34 : India’s Employment Exchanges – Should they be revamped or scrapped altogether?
Bibek Debroy, Visiting Senior Research Fellow at the ISAS
10 July 2008
“There have been no attempts, so far, on collecting statistical material on employment and
unemployment; the only published figures at present available are the registrations and
placements of employment exchanges. These figures cannot, however, give an idea of the
total volume of unemployment. Firstly, employment exchanges are confined to industrial
towns and the figures of registrations and placements which they compile are restricted
mostly to the industrial and commercial sector. Secondly, even in the industrial sector, there
is neither compulsion for the unemployed, to register with the exchanges, nor is there any
obligation on the part of the employer to recruit labour only through these exchanges. Even
the information regarding unemployment among the industrial workers is, thus, inadequate.

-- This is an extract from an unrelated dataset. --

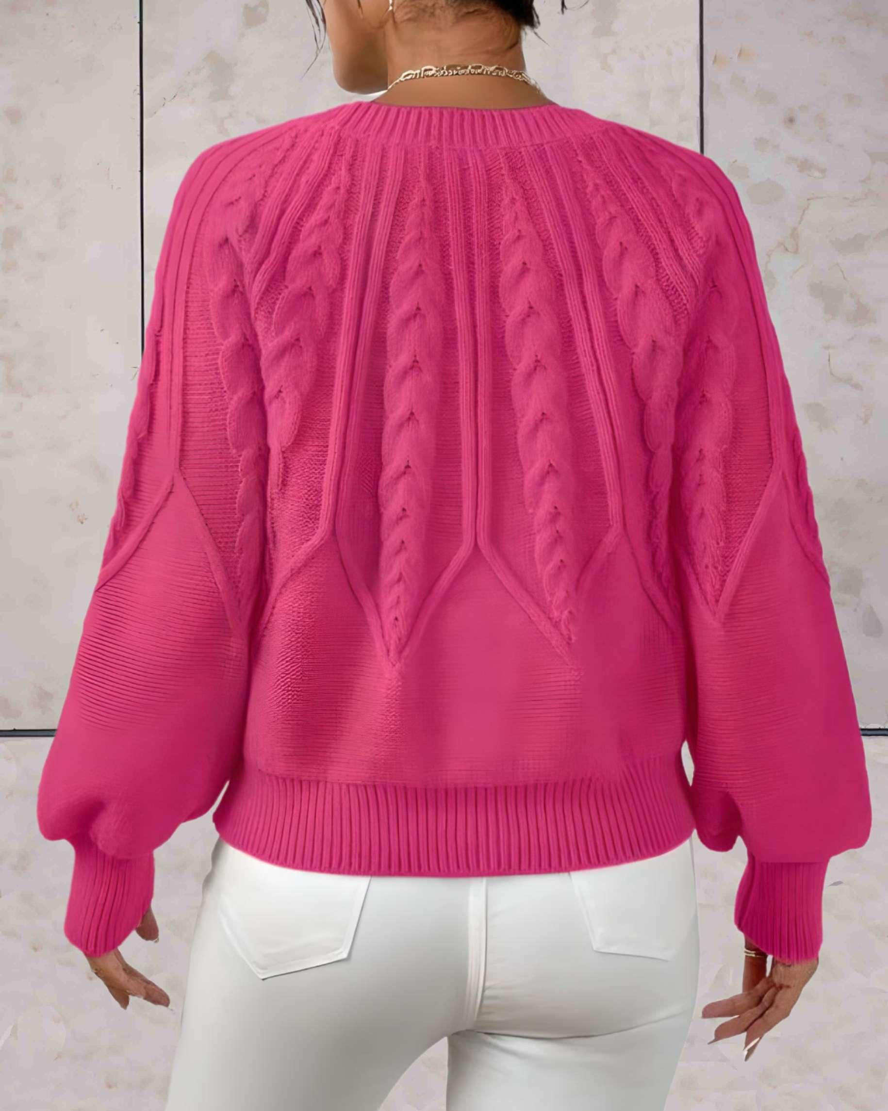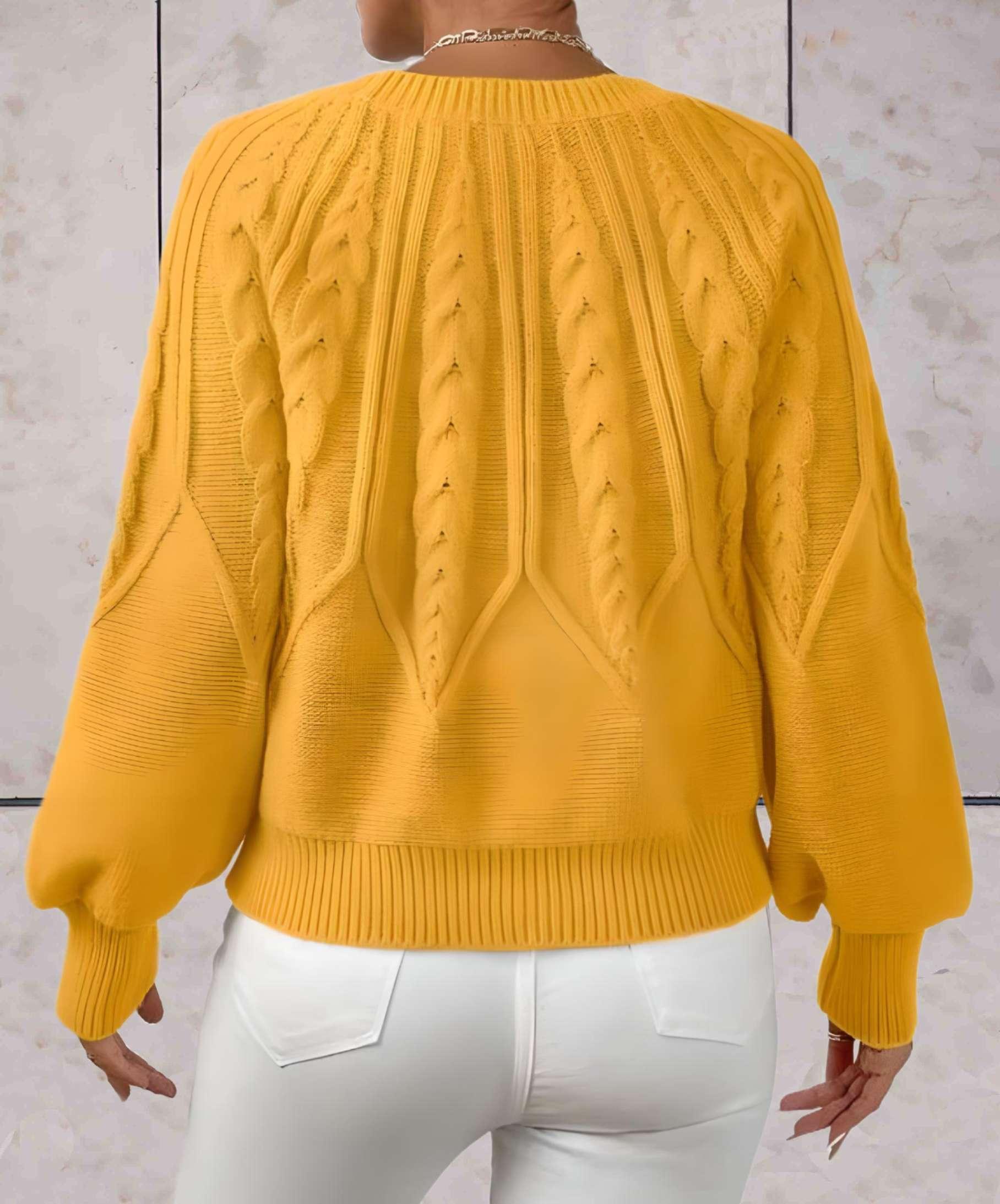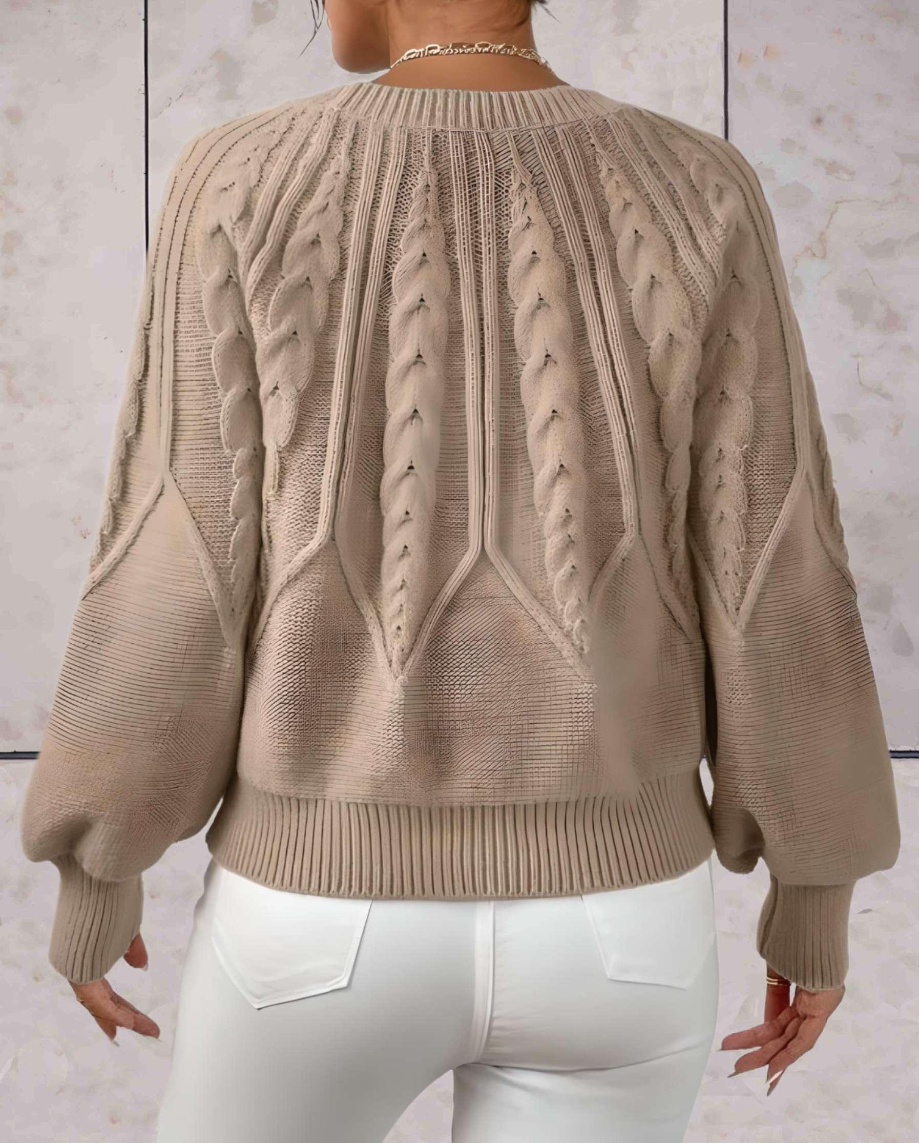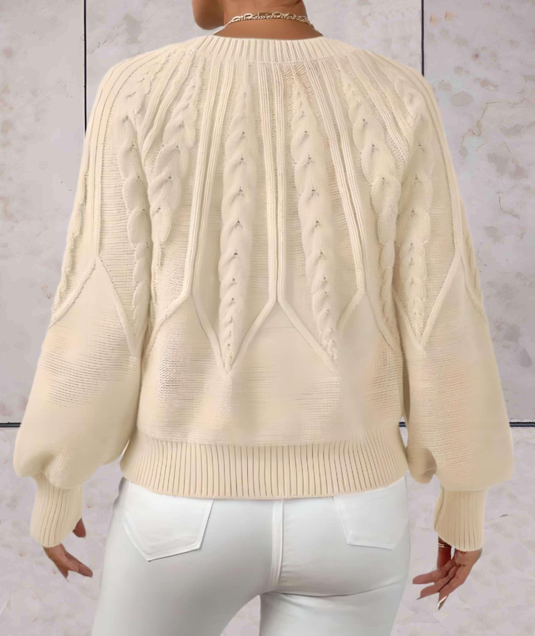 Elliana - Mooi aansluitende gebreide trui met knoopmotieven op voor- en achterpand

Thirdly, in the nature of the case, employment exchange statistics cannot indicate the amount
of disguised unemployment which is otherwise believed to exist. This means that the extent
to which qualified persons have to accept work which does not give them the income which
persons with similar qualifications get elsewhere cannot be assessed from these data. There is
also to some extent registration of persons who are already in employment and who desire to
seek better jobs. This tendency is reported to exist in the more qualified section of registrants,
but to the extent a region maintains these persons on the register of employment seekers,
there is an overestimate of the number unemployed.” This was not written yesterday. It is a
quote from India’s First Five Year Plan (1951-56) document.1 Nothing would substantially
change if this were to be written now.